一昨年の同大会で優勝し、今年春の全国高校選抜大会も制した「ヒガシ」こと東福岡は、今大会も優勝候補筆頭だった。出場48チームを3チームずつに分けた予選プールから圧倒的な強さをみせ、予選1位チームによるカップトーナメントに臨んだ。

ハードな日程、疲労残さない作戦

チーム力の勝利だった。1カ月ほど前から100人を超える部員の中から今大会のために25人ほどを選抜し、3チームでディフェンスを中心に試合形式の練習を繰り返した。

その25人から、さらに15人を選抜して大会に臨んだ。大会は30度を超える暑さと湿気の中、3日間で6試合を行うハードスケジュールのため、予選プールから登録メンバー15人をフルに使う作戦をとった。「上手く15人を出して、最終日まで疲労が残らないようにやりました」(稗田新コーチ)

勝利呼んだ古賀のタックル

その作戦があたり、好ランナーが揃う伏見工・京都工学院との決勝では、「疲れはなかった」という古賀由教(3年)が、相手のトライを防ぐタックルを2度見せて、さらに自らトライも挙げて勝利に大きく貢献した。勝因を聞かれた稗田コーチは「古賀のタックルでしょうか。非常に良かった」と称えた通り、古賀は決勝トーナメントのMVPにも選出された。

高校「3冠」狙う

春の選抜、そして夏の7人制大会と「2冠」を制したヒガシ。もちろん、狙うは「花園」こと冬の全国高校ラグビー大会を優勝しての今年度の高校「3冠」である。キャプテンの箸本龍雅(3年)は「(花園まで)あと半年くらいあるのでウエイトトレーニングをして、フィットネスを上げて、さらに強くなっていきたい」と先を見据えた。

なお、予選2位グループによるプレートトーナメントは桐蔭学園(神奈川)が、3位グループによるボウルトーナメントは常翔学園(大阪)が優勝した。

全国高校7人制ラグビー大会を制した東福岡(斉藤健仁撮影)
【TEAM DATA】
1955年の学校開校と共にラグビー部も創部。全国高校ラグビー大会優勝5回、全国高校ラグビー選抜大会優勝5回。日本代表WTBの藤田慶和選手らを輩出。

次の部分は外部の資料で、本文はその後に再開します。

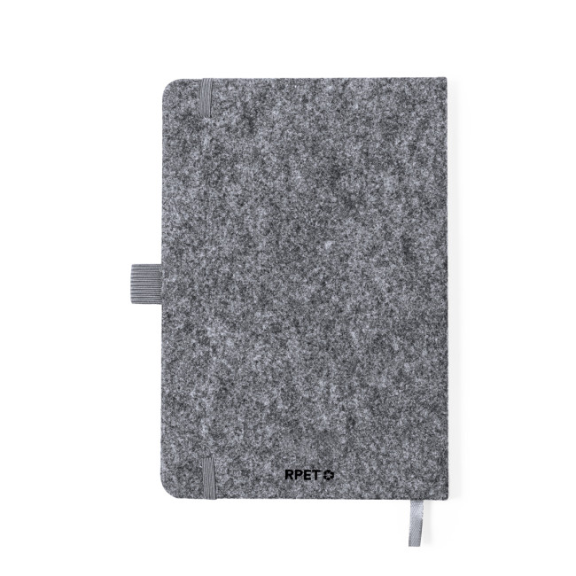Block notes con supporto dalla copertina rigida realizzata in feltro RPET 300D. Con originale supporto per smartphone e tablet integrato nella copertina, realizzato in bambù. Include una chiusura elastica e un portapenne abbinato, con 80 pagine a righe all'interno. Con logo RPET sul retro della copertina e presentato in un sacchetto individuale riciclato.Il feltro RPET è il risultato della combinazione del processo di riciclo delle materie plastiche con la tecnica millenaria della lavorazione del feltro, dando vita a un materiale di eco-tendenza che, oltre a essere di origine riciclata, diventa anche riciclabile.
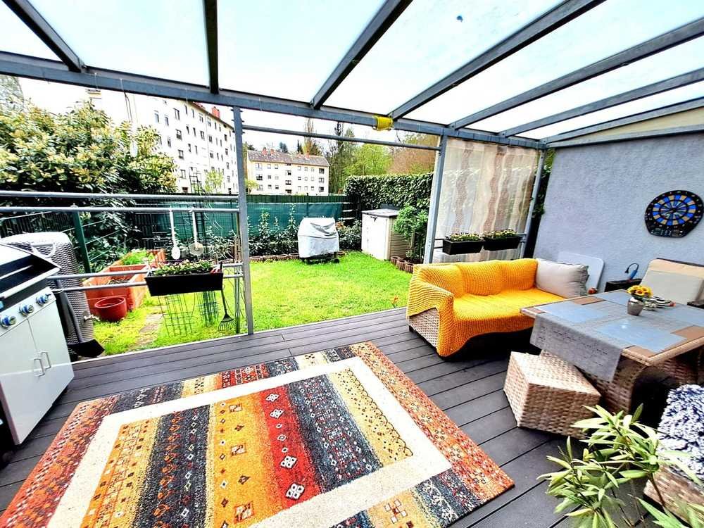Im Erdgeschoss erwartet Sie ein großzügiger, offener Wohn- und Essbereich mit integrierter Einbauküche und drei großen Fenstern zur sonnigen Terrasse. Von hier aus gelangen Sie direkt in den kleinen, pflegeleichten Garten – eine grüne Oase mitten in der Stadt.

7人制ラグビー(セブンズ)】7人対7人で、7分ハーフで行うが、ルールは15人制ラグビーとほとんど同じ。ただ広いスペースを少ない人数でプレーするため、パスやランの機会が多くトライシーンが増えるのが特徴だ。リオデジャネイロ五輪から男女とも正式種目となり、2020年の東京五輪でも開催が決まっている。